● Exercise requirements
Range to repeat from the listing below: the line containing "Set Acqua di" down to the line containing "Galen Skurk Maskeraddräkt", both included. Copy it exactly, pictures excluded, and add nothing else.

[[ Data supplied, beginning ]]

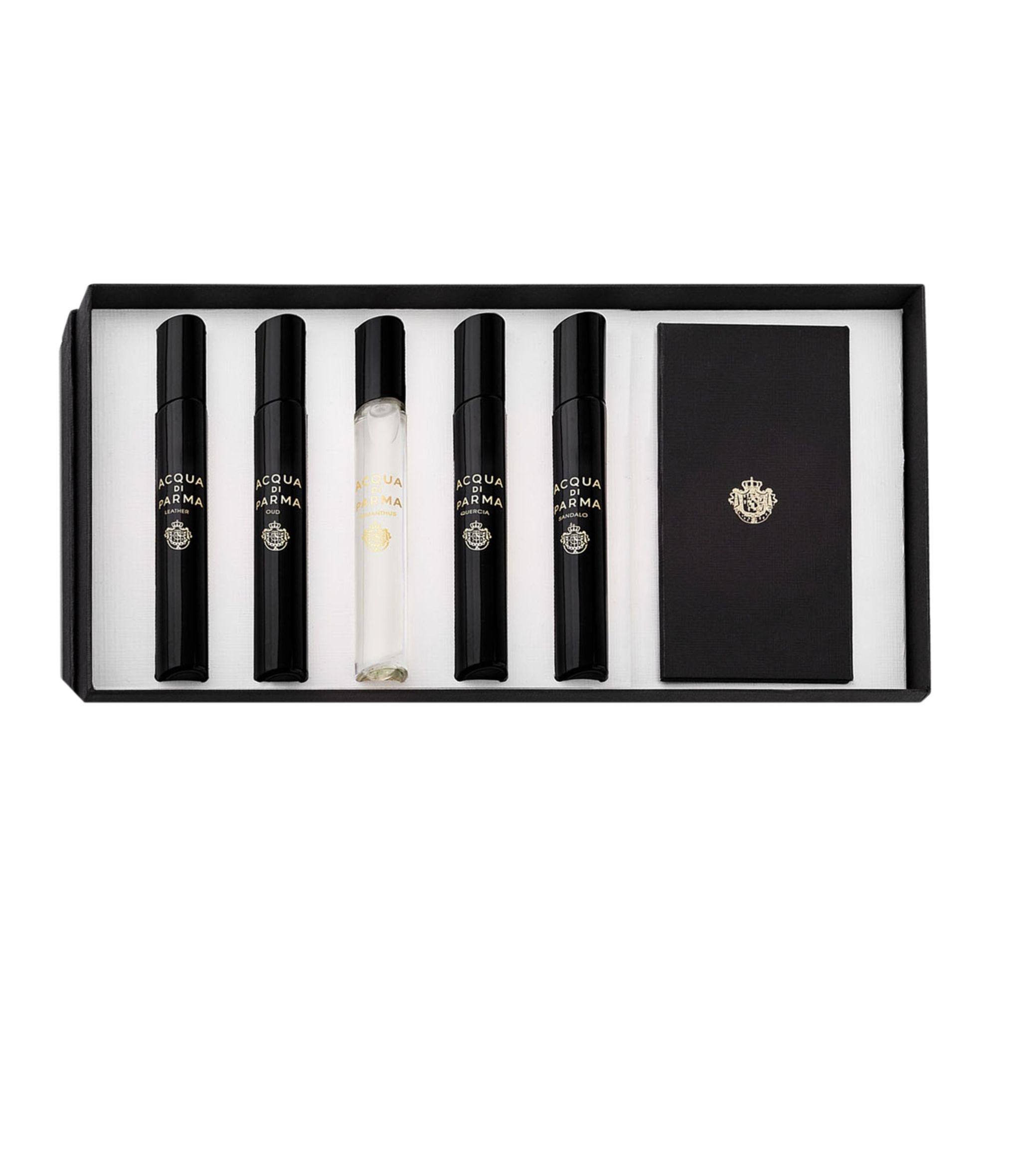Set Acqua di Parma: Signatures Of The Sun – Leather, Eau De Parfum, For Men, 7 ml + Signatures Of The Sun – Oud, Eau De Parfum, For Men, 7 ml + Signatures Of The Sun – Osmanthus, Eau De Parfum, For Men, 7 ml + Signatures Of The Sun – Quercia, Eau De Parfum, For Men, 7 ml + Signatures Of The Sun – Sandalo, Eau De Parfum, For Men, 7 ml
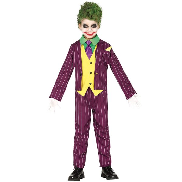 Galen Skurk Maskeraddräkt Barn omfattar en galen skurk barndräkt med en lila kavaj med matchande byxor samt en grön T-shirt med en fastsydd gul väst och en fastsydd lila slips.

[[ Data supplied, end ]]
[[ Data supplied, beginning ]]

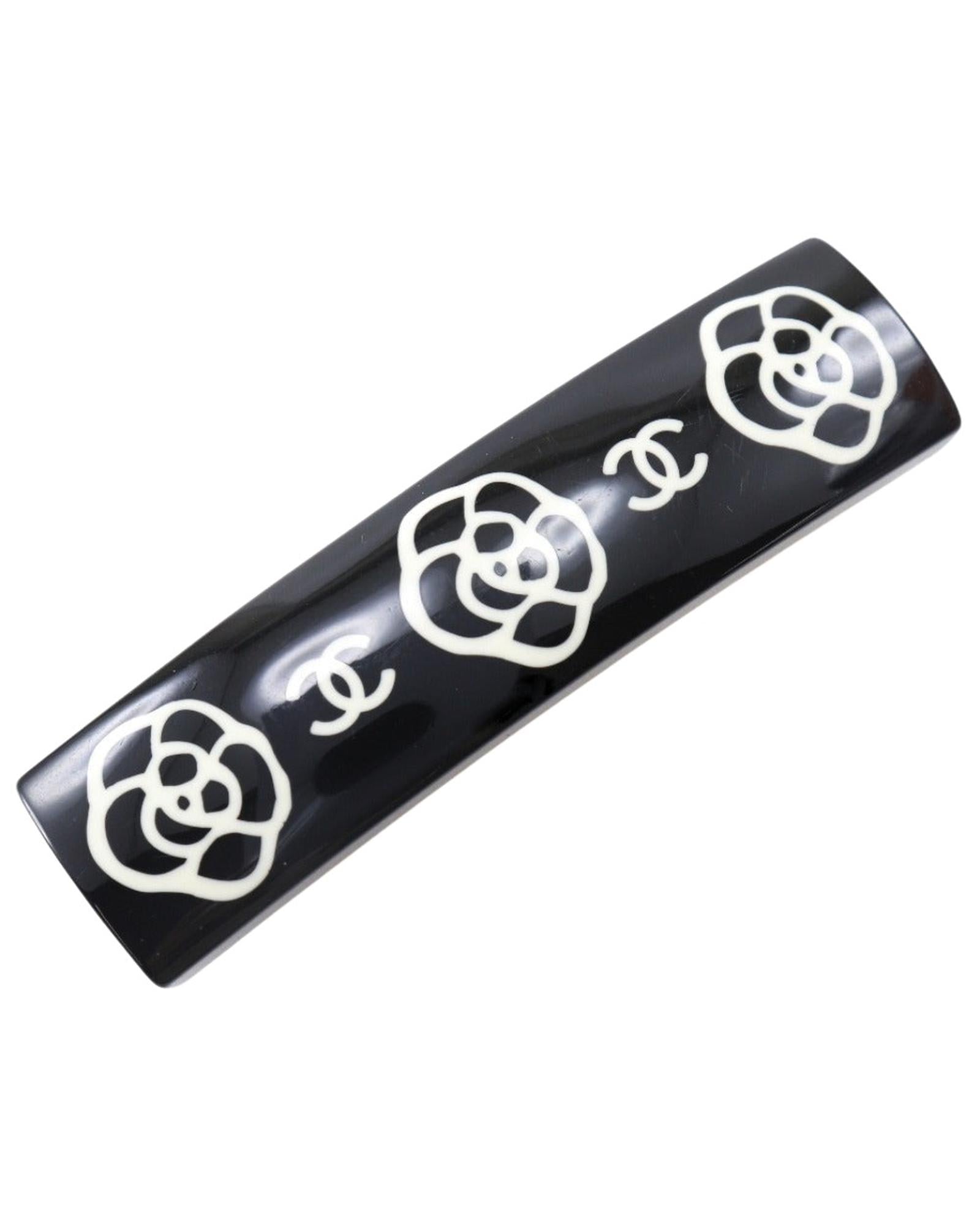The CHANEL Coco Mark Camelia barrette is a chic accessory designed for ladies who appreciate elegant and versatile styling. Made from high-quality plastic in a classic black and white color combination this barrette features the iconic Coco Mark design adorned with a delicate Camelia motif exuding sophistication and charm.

[[ Data supplied, end ]]

● Result
Set Acqua di Parma: Signatures Of The Sun – Leather, Eau De Parfum, For Men, 7 ml + Signatures Of The Sun – Oud, Eau De Parfum, For Men, 7 ml + Signatures Of The Sun – Osmanthus, Eau De Parfum, For Men, 7 ml + Signatures Of The Sun – Quercia, Eau De Parfum, For Men, 7 ml + Signatures Of The Sun – Sandalo, Eau De Parfum, For Men, 7 ml
 Galen Skurk Maskeraddräkt Barn omfattar en galen skurk barndräkt med en lila kavaj med matchande byxor samt en grön T-shirt med en fastsydd gul väst och en fastsydd lila slips.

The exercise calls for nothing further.